Kitobni o'qish: «Ручка. Как принять особенность своего ребенка и сделать его жизнь счастливее», sahifa 3

Shrift:

Напомню, трагедия в Чернобыле произошла относительно недавно, в 1986 году. Но ни увеличение смертности, ни всплеск частоты рождения детей с врожденными пороками развития, ни статистика абортов по медицинским показаниям из-за грубых пороков развития тогда не заставили нас проверять радиоактивную составляющую в вещах или хотя бы в продуктах питания. С ужасом я узнала, что люди, проживавшие рядом с зараженной зоной, могут быть носителями мутировавших генов. Детальный разбор чернобыльской трагедии показал, как часто мы даже не догадываемся о том, что подвергаем себя и своих детей чудовищному риску. Я родилась на Сахалине – острове, вокруг которого в море буквально ядерный могильник. Поговаривают, что на дне у берегов покоятся ядерные бомбы, суда с ядерными отходами и даже радиоизотопный генератор. Повлияло ли это на моего будущего ребенка? Я не знаю…

К середине моей беременности мы принимаем решение уехать во Флориду на зимовку, а возможно, и родить в США. Признаться, боязно оказаться в положении в незнакомом месте, тем не менее перспектива пожить в тепле меня очаровывает, как и сама Америка. Здесь в глаза сразу бросается другое отношение к беременности.

В Америке беременность – это повод к покупкам, а не болезнь (поэтому, кстати, в кассу без очереди вас не пропустят). В каждом торговом центре огромные отделы с одеждой, бельем для беременных, специальными приспособлениями для облегчения быта. Продаются не только товары, но и услуги: при госпиталях курсы для будущих мам, на которые каждая вторая из них ходит с партнером (или партнершей). При этом они действительно участвуют в процессе: учатся делать массаж для облегчения боли во время родов, пеленать новорожденных, оказывать им первую помощь.

Беременность – это йога и здоровое питание, а не таблетки, поэтому мне разом отменяют все мои лекарства. А присмотревшись к анализам крови, отменяют и витаминный комплекс. Есть разрешают практически всё, можно даже кофе и вино (в умеренных количествах). Спорт почти без ограничений. Плановые визиты к врачу два раза в месяц, последний месяц – раз в неделю.

Я посещаю трех разных акушеров-гинекологов, именитых и популярных, и выбираю для родов единственную женщину в этом списке. Мне сразу приходится по душе моя доктор, ее внимательность, готовность подробно отвечать на вопросы, успокаивающая уверенность в том, что роды пройдут легко и гладко. Трижды мне делают УЗИ, в том числе прямо перед родами, но ни один врач, ни один диагност так и не заметил того, что стало поводом для написания этой книги.

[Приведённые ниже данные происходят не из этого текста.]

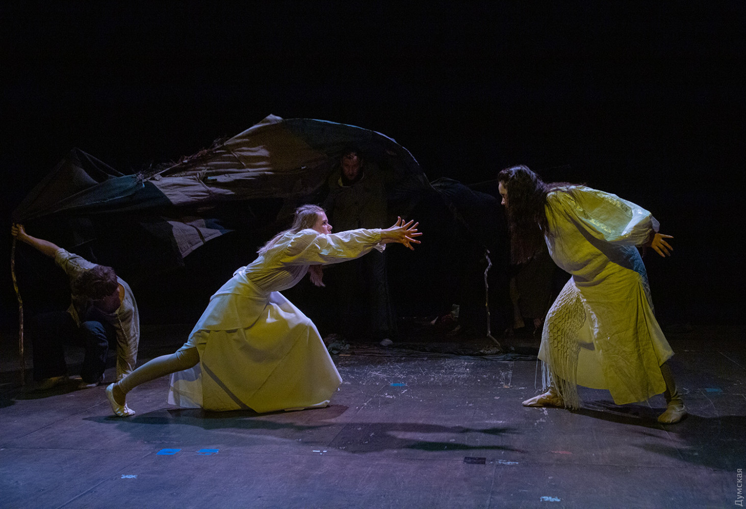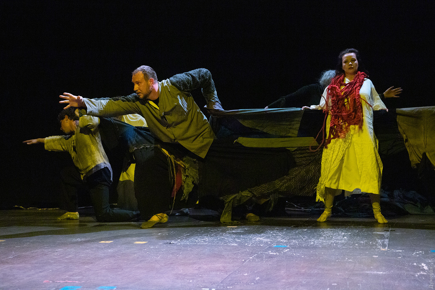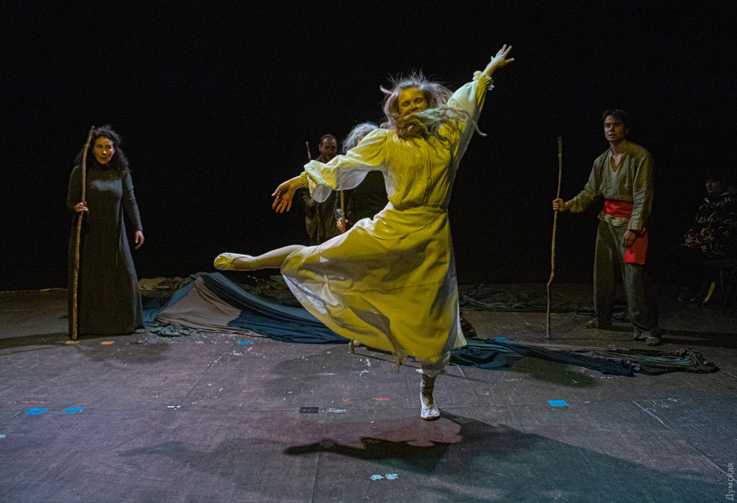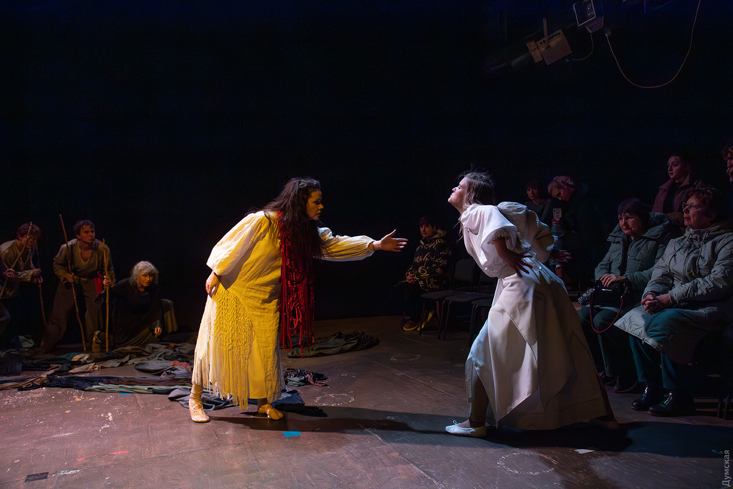 Премьера спектакля «Калинова сопілка» по мотивам повести Оксаны Забужко состоялась в Одесском академическом театре юного зрителя. Блекаут внес коррективы — начало задержали, перенастраивая сценическое освещение под работу генератора. Это первая в нашем городе театральная постановка по произведению «Казка про калинову сопілку» современной украинской писательницы и поэтессы. Повесть написана достаточно давно, но именно сейчас на украинских сценах появляется версия за версией (даже кукольный спектакль есть). Может, потому, что время задуматься о природе зла, в том числе, спрятанного в своей душе. Молодой режиссер Полина Коробейник сделала собственную сценическую версию произведения, ведь знаменитые забужковские предложения слишком длинные для провозглашения, их лучше читать глазами. Зато такие предложения можно легко разбить на реплики персонажей. Играют спектакль в формате «зритель на сцене»: так эта мистическая история приобретает особенно зловещее звучание. Поскольку перед нами разворачивается история о сестроубийстве, Каин и Авель уступают место Ганне и Оленке, мы должны заметить, что писательницу вдохновила библейская история. Ее нам сперва и покажут, это скелет сюжета, разыграют коротенько, как пошли по ягоды дедова дочка, да бабина дочка. Бабина вонзила дедовой в сердце нож и вернулась домой, мол, сестра за ней идет. А вскорости в село приходят чумаки, рассказывают, как под лесом с куста калины срезали ветку, выстрогали сопилку, а та человеческим голосом говорит, убийцу девушки обличает… Далее сказка возвращается к своему началу и наполняется деталями и смыслами, которые добавила Оксана Забужко. Так мы узнаем, что «бабина дочка» Ганнуся – любимица своей матери, а «дедова дочка» Оленка – папино любимое дитя. Смешивая приемы драмы и перформанса, актеры играют и персонажей, и голос от автора. То заворачиваясь в огромную драпировку из лоскутов ткани, то ползая по ней, будто по лугу, то даже купаясь в ней, словно в речке, постукивая посохами (они же ножи и сопилки), исполнители проверяют нашу способность принимать меру условности. Художница Елена Штепура, хореограф Мария Мартос, художница по костюмам Людмила Войновская вместе с режиссером сделали целостное произведение, не понять, где заканчиваются полномочия одного из авторов спектакля и начинаются полномочия другого. Надо сказать, что игра Златы Скальской, которая органично смотрится в ролях Золушки и других хороших сказочных девочек, впечатляет совсем по-иному. Ее Ганна-панна одновременно и невероятно одарена от природы, и глубоко несчастна, так как не оправдываются надежды на лучшую жизнь, что-то темное и жестокое растет в душе. Мать надевает на нее красный платок-ожерелье из прочных нитей, это и знак того, что Ганнуся уже не ребенок, а девушка, и намек на кровь, которая неизбежно прольется. Кто же виноват в том, что красавица Ганна сжила со свету младшую сестричку? Возможно, всему причиной первородный грех, который искупает человечество. Виновата ли мать Мария (заслуженная артистка Украины Оксана Бурлай-Питерова), пророчившая дочку незаурядную судьбу, задуривала голову сказочкой «про Ганну-панну, яка тричі приїздила на королівський бенкет — спершу четвериком, тоді шестериком, а тоді восьмериком таких вороних, як змїї, що являлися їй із розкритої верби». Что-т

Последнее УЗИ делают с помощью особого аппарата диагностики, позволяющего нетерпеливым родителям увидеть лицо еще не родившегося малыша. Это даже не медицинская процедура в принятом смысле – скорее, способ поздороваться с ребенком немного раньше запланированного. Дэвид, диагност, очень улыбчив. Он радуется ручкам, ножкам, носику на мониторе так искренне и восторженно, что я подозреваю в нем не опытного специалиста, а недавнего студента. Все это время моя крошка смеется, улыбается, кривит личико, вызывая нежность и умиление. На прежних исследованиях ребенок всегда был виден сбоку, в профиль, а в этот раз мы увидели личико нашей дочери: слегка сплющенный носик, губы в самой милой улыбочке, высокий лоб (конечно, признак большого ума!). Но самое главное – она выглядела там очень счастливой! Перед встречей я подготовилась, посмотрела снимки других детей, но ни на одном не заметила такого озорного и осмысленного счастья. Мне кажется даже, что малышка посмеивается над нашими попытками заглянуть в ее мир.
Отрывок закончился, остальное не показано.